Natural Wellbeing Blog

Keeping Your Energy Up as the Days Get Shorter

Published on October 04, 2018
Posted in Health Supplements, hydration, Winter, adaptogens, energy, Fatigue, General Wellbeing, shorter days

As fall progresses into winter, the days will continue to get shorter and shorter. For many people, work, athleticism and everyday activities become more difficult to accomplish because of the lack of light outside. However, work and life don’t stop simply because the sun isn’t out to greet us in the morning or when we return home from work.

Keeping your energy up during fall and winter can be a real challenge. You might be tempted to guzzle more coffee or caffeinated sodas, munch on a sugary treat or load up on energy drinks to stay alert, but these things not only cause major energy crashes later on, but can also be detrimental to your health.

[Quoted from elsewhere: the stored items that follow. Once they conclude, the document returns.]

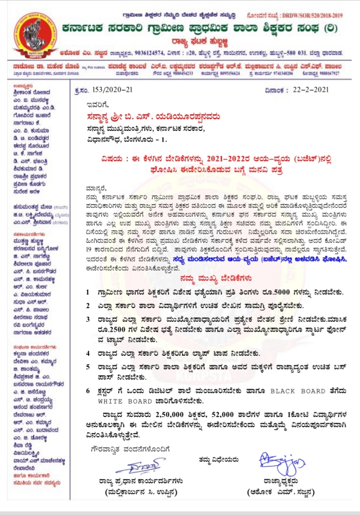 ಕರ್ನಾಟಕ ಸರಕಾರಿ ಗ್ರಾಮೀಣ ಪ್ರಾಥಮಿಕ ಶಾಲಾ ಶಿಕ್ಷಕರ ಸಂಘ ರಿ, ರಾಜ್ಯಘಟಕ ಹುಬ್ಬಳ್ಳಿಯ ಪದಾಧಿಕಾರಿಗಳು ಹಾಗೂ ರಾಜ್ಯದ ಶಿಕ್ಷಕರ ವತಿಯಿಂದ ಗ್ರಾಮೀಣ ಪ್ರದೇಶದಲ್ಲಿ ಸೇವೆ ಸಲ್ಲಿಸುತ್ತಿರುವ ಶಿಕ್ಷಕರ ಹಾಗೂ ಗ್ರಾಮೀಣ ಪ್ರದೇಶದಲ್ಲಿನ ಬಡ ಮಕ್ಕಳ ಕಾಳಜಿಯಿಂದ ಈ ಕೆಳಗಿನ ಬೇಡಿಕೆಗಳನ್ನು ಬಜೆಟ್ ನಲ್ಲಿ ಅಳವಡಿಸಿ ಘೋಷಿಸುವಂತೆ ಸರ್ಕಾರಕ್ಕೆ ಒತ್ತಾಯಿಸಿದ್ದಾರೆ
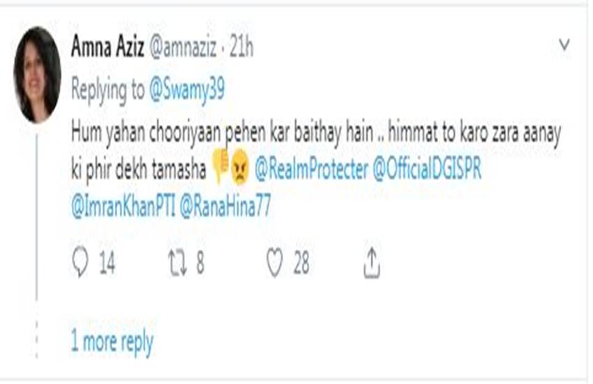 एक अन्य यूजर ने कहा ‘हम यहां चुड़ियां पहनकर नहीं बैठे हैं। हिम्मत तो करो जरा आने की फिर देखना तमाशा। एक यूजर ने कहा ‘आप तो ऐसे बोल रहे हैं जैसे एलओसी के पार लोग आपके लिए गुलाब लेकर खड़े होंगे। और आपका स्वागत करेंगे।’
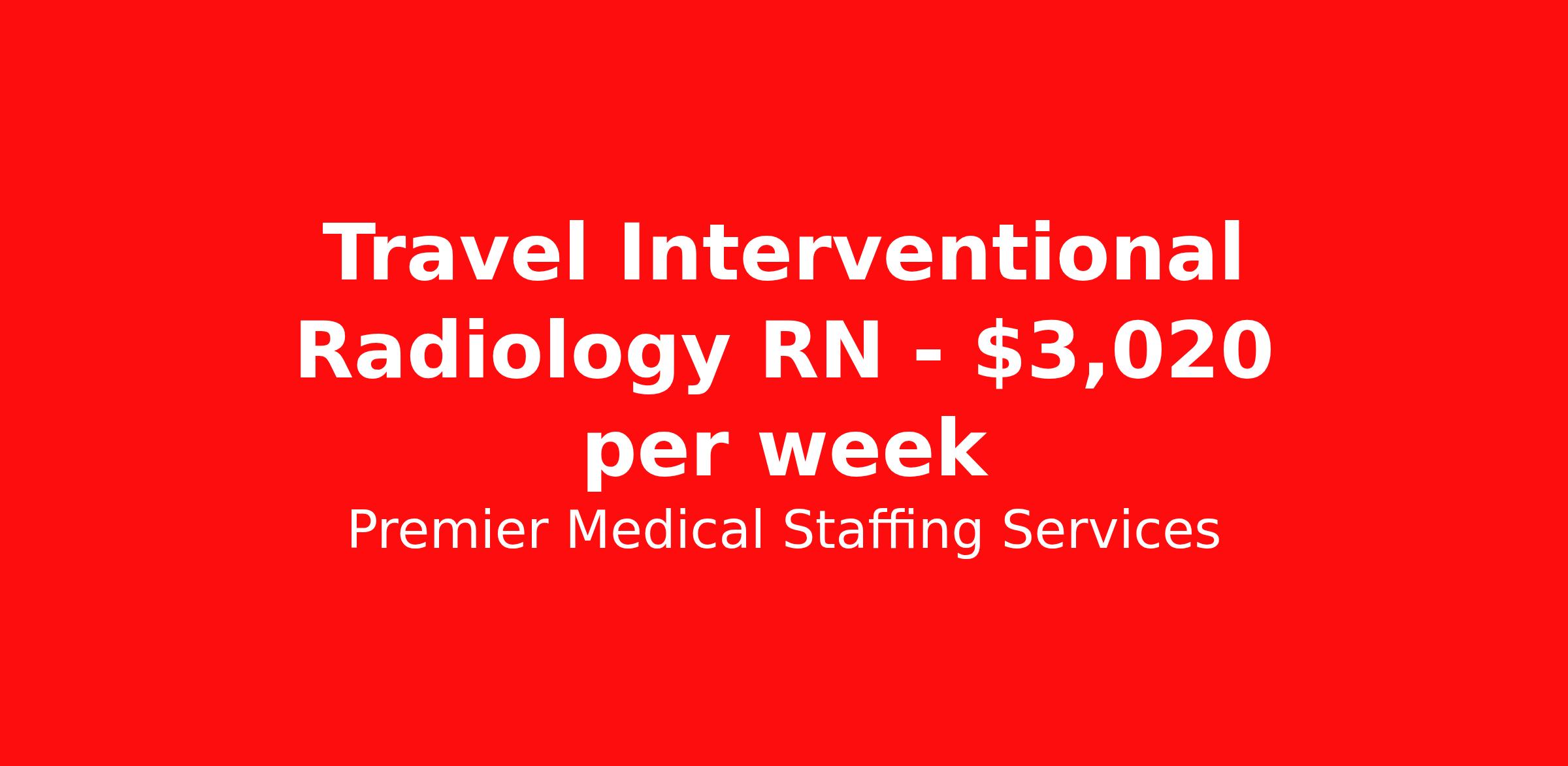 Premier Medical Staffing Services is seeking a travel nurse RN Interventional Radiology for a travel nursing job in Hermiston, Oregon. Job Description & Requirements Specialty: Interventional Radiology Discipline: RN Start Date: ASAP Duration: 13 weeks 40 hours per week Shift: 8 hours Employment Type: Travel Premier Medical Staffing Job ID 617906. Pay package is based on 8 hour shifts and 40 hours per week (subject to confirmation) with tax-free stipend amount to be determined. Posted job title: RN Interventional Radiology About Premier Medical Staffing Services Premier Medical Staffing Services, LLC is a nationally expanding healthcare staffing firm for healthcare professionals and companies. We understand our clients’ need for highly qualified, expertly trained medical professionals and are passionate about helping clinicians find employment opportunities that fit their personality and needs. Able to accommodate the ever-changing needs of the healthcare landscape, we offer per-diem, contract and direct hire placements to support the unique needs of each industry sector. Premier Medical Staffing Services is Joint Commission Certified, a Military Spouse Employment Partner and is certified as a Women’s Business Enterprise. We are proudly nurse owned.
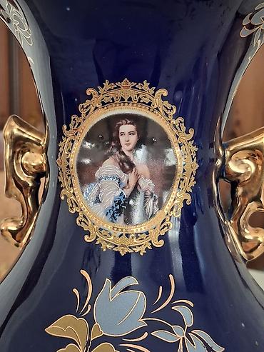 Dekorativ porselen vaza - Klassik üslubda, hündür siluetli dekorativ vaza - Parlaq tünd-mavi (demək olar ki, qara) fon üzərində zəngin qızılı ornamentlər - İki yan tərəfdə dekorativ qulplar və boy...
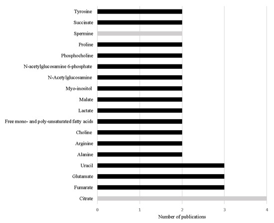 Metabolites referred with the same variation in more than one study performed in PCa tissue in the last 5 years. The black bars represent metabolites increased in PCa and the grey bars represent metabolites decreased in PCa.
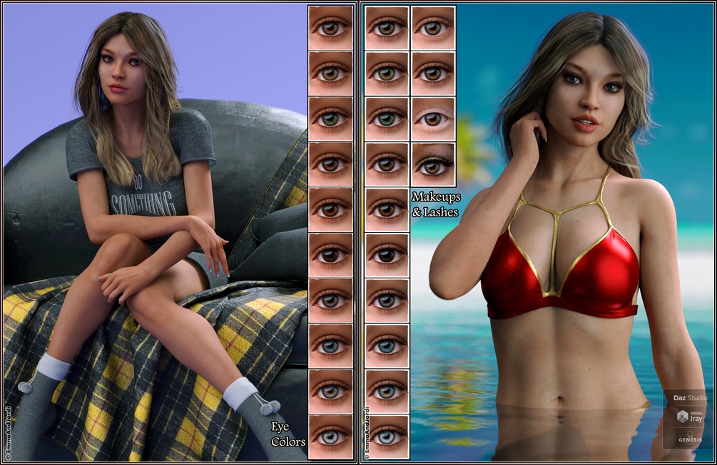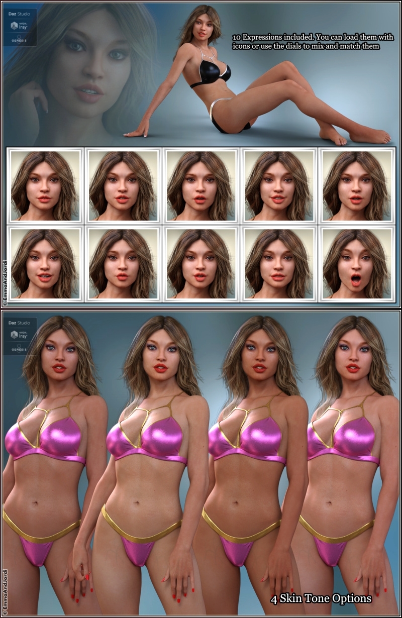 EJ Brenda Deluxe Pack includes a gorgeous and detailed character, a metallic shine bikini (you can hide the top or lower part or show it all), and 10 expressions to show her personality. It's a complete ready-to-render must have set, that can be used to make new scenes, and she will also look great with any clothing and in every situation.
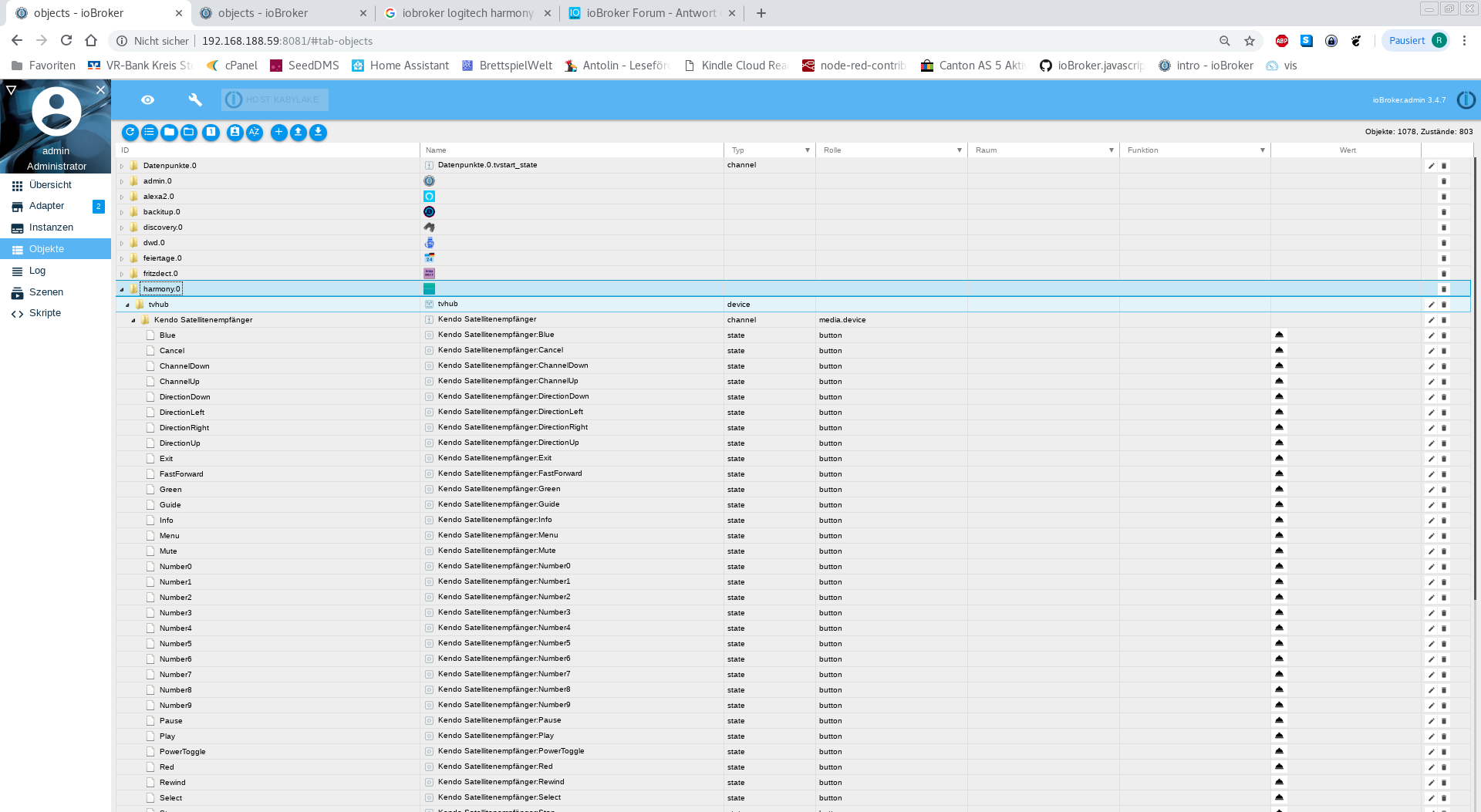 Ich möchte einen beliebigen Button, die als Objekt unter harmony.0 gelistet sind (Siehe Screenshot) ausführen. Da klappt bei einigen über "Tastendruck simulieren" im Objekte-Ordner, also funktioniert der Adapter schon mal.

Fortunately, all hope is not lost! There are many natural methods you can put into action every day to keep your energy high, even when the sun is not. Incorporating a few of these methods into your everyday life can also improve your general wellbeing, mood and more all year long.

How shorter days affect your energy levels

It’s normal for people to recognize that they feel more sluggish when the days get shorter and darker, but understanding why this happens can help you combat fatigue more easily.

The body operates on 24-hour cycles called circadian rhythms. These cycles control all aspects of your body, including sleep, heart rate, hunger and more. Unfortunately, these body clocks tend to run in accordance with the average day, meaning the change in light can throw these cycles out of whack.

One major component of the body that is run by circadian rhythms is the production of melatonin, a hormone released by the brain that activates your need for sleep. In the presence of daylight, melatonin production is stalled, helping us stay alert until nightfall. However, when the sun sets earlier and earlier each day, it can lead to melatonin production at odd times and contribute to you feeling tired during the day.

When you start to feel tired, it’s also easier to let bad habits sneak in. If you’re feeling sluggish, you might begin to skip your daily workouts, binge-watch Netflix too often each day and cook less and eat more junk food. All of these things can contribute to even less energy, more health problems and worse moods, creating a vicious cycle of fatigue until winter is finally over.

In order to make a change, you’ll need to take action right away and commit to improving your energy levels every day.

Methods for keeping your energy high

There are many ways to keep energy levels up when the sun doesn’t come out as often. Each of these can be used year-round to boost your wellness, as well.

  • Stay hydrated: Water is at the root of everything in your body, and without enough of it, your body will begin to shut down. Dehydration can make you feel physically tired and reduce your ability to focus, remember things and operate efficiently. Sipping on water all day can keep your mood up and energy levels higher.
  • Eat healthy snacks: If you’re going to do things, you need to fuel your body appropriately. Junk food and added sugars make the body sluggish and fatigued because they don’t provide the nutrients your body requires to work at peak performance. Start your day off with a healthy, balanced breakfast, and follow it later in the day with a hearty lunch and healthy snacks. Taking bites of a granola bar, fruit and veggies during the day will continue to give your body the complex carbohydrates and other nutrients it needs to produce energy.
  • Exercise: It can be tough to get off the couch when it’s dark outside and you feel exhausted, but exercise can actually help energize you. Merely taking a 10-minute walk can get your blood pumping and your mind activated, and more complex workouts can help your brain release feel-good, energy-boosting hormones and adrenaline. You’ll probably be surprised that, even though you didn’t want to go for a run because you were feeling sleepy, you feel better and more energized after it’s over.
  • Take adaptogens: Special herbs called adaptogens help your body cope with stress (which can make you feel more tired, too!) can and boost your energy. Asian Panax ginseng is one of many adaptogenic herbs that can keep your energy up when the fall and winter blues have you feeling down.
  • Sleep steadily: Mid-day naps become more common when the sun goes down early, and sleep schedules often get disrupted because of them and the outside changes. Instead, try to stick to a steady sleep schedule in which you go to bed and wake up around the same time every day. This can help regulate your circadian rhythms and keep you in a routine.
  • Get up and moving during the day: Sitting at a desk all day, away from windows, can get you into a slump fast. When you’re feeling sluggish, take frequent breaks to walk around, and make sure to head outside to soak up some sun while it’s still out. Getting some rays can improve your vitamin D intake (which is necessary for energy), help you feel better, and remind your body that it’s not yet time to go to sleep.

Everyone falls into a fall and winter-time slump once in a while. The important thing is to not let yourself fall into a cycle of bad habits that only make you feel more tired. Sticking to your regular sleeping and exercise routine, eating healthier and ensuring your body is getting the nutrients it needs—especially vitamin D—is critical to maintaining high energy while the sun is low.